Every year, hail causes billions of dollars in damage to homes, vehicles, crops, and infrastructure across the United States. A baseball-sized hailstone strikes with the force of a major league fastball. Property damage escalates sharply once hail exceeds the size of a quarter, and insurance payouts for severe weather — most of it hail-related — have climbed steadily over recent decades.
Fire and Ice: The Biblical Echo
Hail, the seventh plague that God brought upon Egypt, was unnatural, a clear manifestation of Divine displeasure, and not an ordinary weather event. The Torah records it with a detail that stunned the medieval commentators: the hailstones contained fire burning within the ice, and neither element destroyed the other.
“And the LORD sent thunder and hail, and fire ran down to the earth; and the LORD rained hail upon the land of Egypt.” (Exodus 9:23)
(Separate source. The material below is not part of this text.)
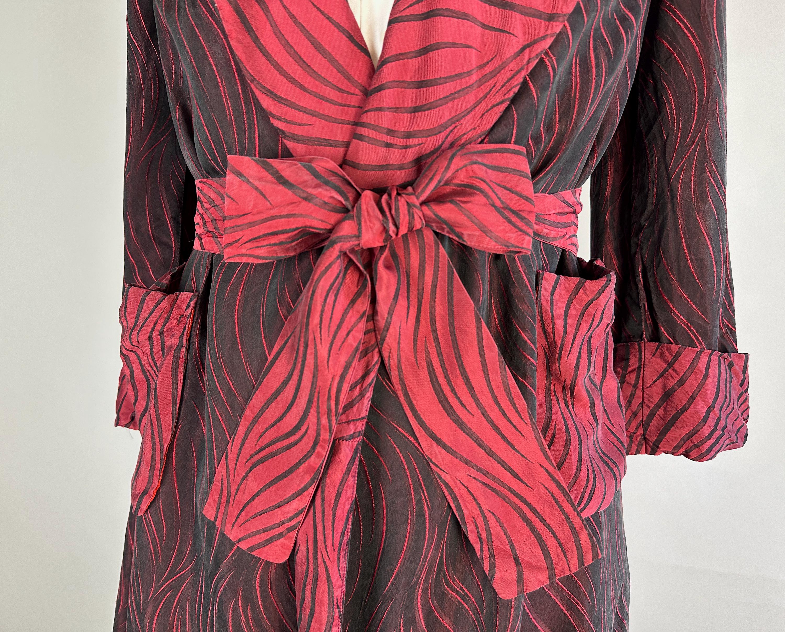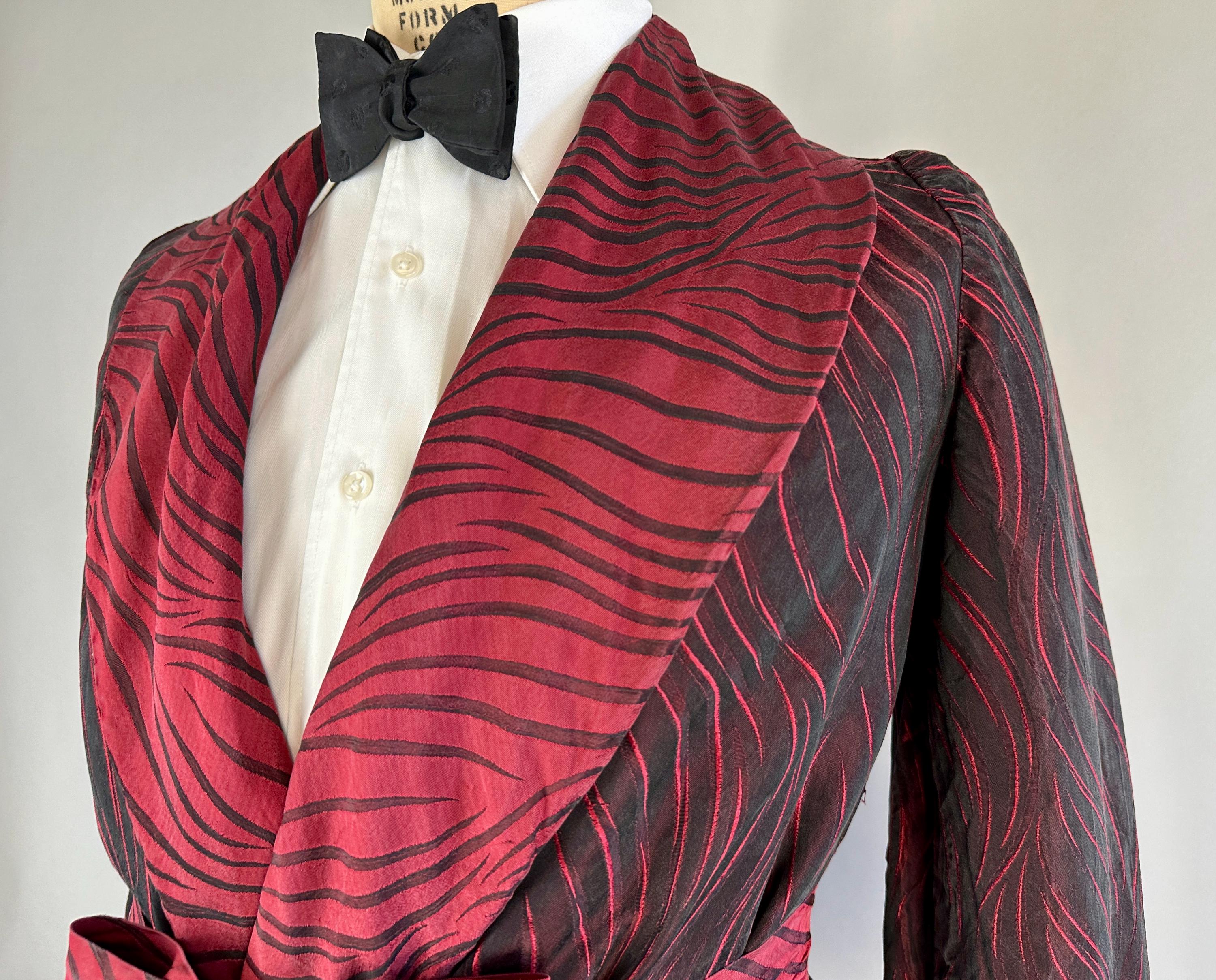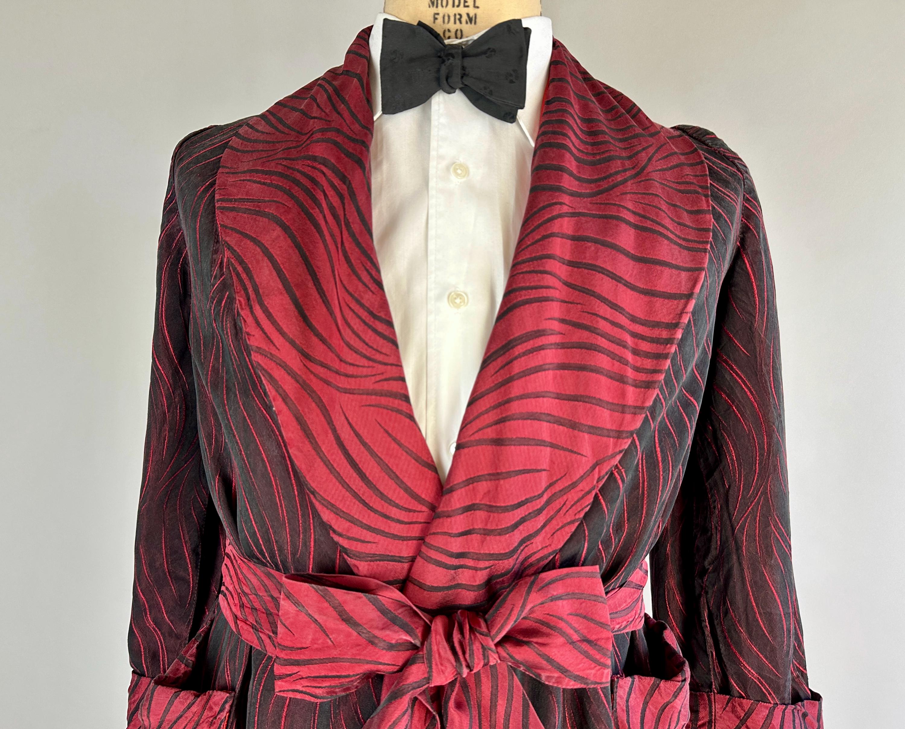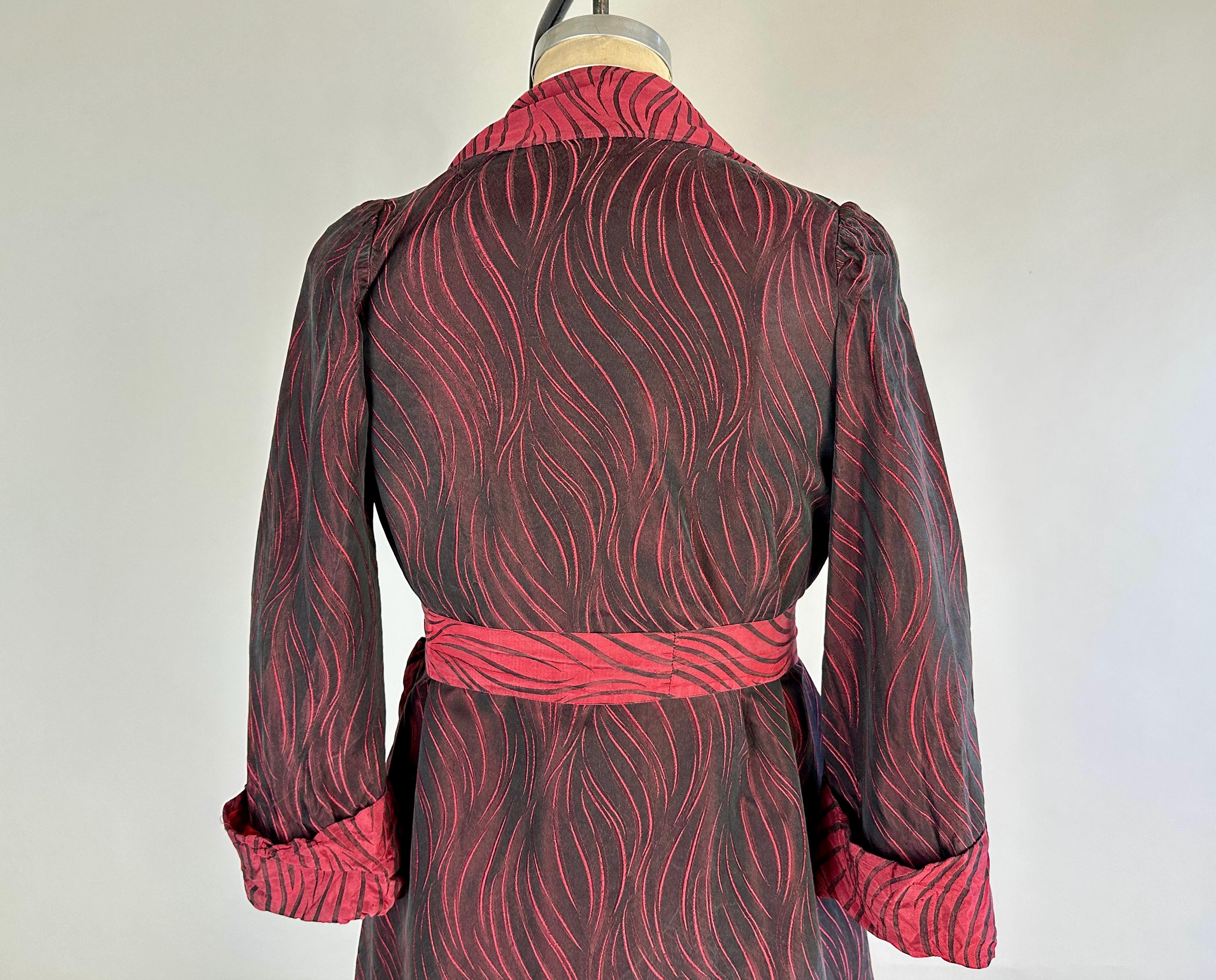 Your animal magnetism knows no bounds so she'll scream "Hold that tiger!" with after hours drinks in this 1950's robe! Constructed of silk with a brocade weave making tiger stripes, it combines blood red and black with each sharing the role of dominant colour depending on the placement and lighting. It has a shawl collar, two patch pockets, single buttton fastening, and matching sash belt. Fully lined in a fire red silk. This robe is in great vintage condition with no stains, holes, nor odors to note.

Rashi, drawing on the Midrash, explains that this fire and ice coexisted in miraculous harmony — “a miracle within a miracle” — because both were in service of the divine will. The Israel Bible expands on this: the fire within the hail mirrors the very composition of shamayim (heaven), which the Sages derive from the Hebrew words aish (fire) and mayim (water) — the two opposites that came together in harmony to form the heavens themselves.
The Midrash Tanchuma, compiled around the fifth century CE, states explicitly: just as God struck the Egyptians with ten plagues, so will He strike the enemies of Israel at the time of the Redemption — but in far more powerful forms. Rabbi Bahya ben Asher, the 13th-century Spanish commentator, sharpened the point: in Egypt, God used only a fraction of His strength. At the time of the final Redemption, far more will be revealed.
Rabbi Shalom Berger, the spiritual leader of the Mishkoltz Hassidic community, teaches that the War of Gog u’Magog will not be a war of armies alone. Zechariah’s vision describes a conflict in which nature itself becomes a combatant — earthquakes, altered heavens, floods, and disease. “God will take an active role in the war,” Rabbi Berger has explained, “and thunder and lightning will announce His presence.”
The Psalmist wrote it plainly:
“Hashem is king! Let the earth exult, the many islands rejoice! Dense clouds are around Him, righteousness and justice are the base of His throne. Fire is His vanguard, burning His foes on every side. His lightnings light up the world; the earth is convulsed at the sight.” (Psalms 97:1–4)
A storm chaser in Texas mistakes a record-breaking hailstone for a piece of garbage in a ditch. Scientists confirm that the atmospheric conditions for giant hail are accelerating. A zoo in Missouri buries one of its animals after ice the size of softballs falls from the sky. These are not metaphors. For those reading the Hebrew Bible with open eyes, they are also not surprises.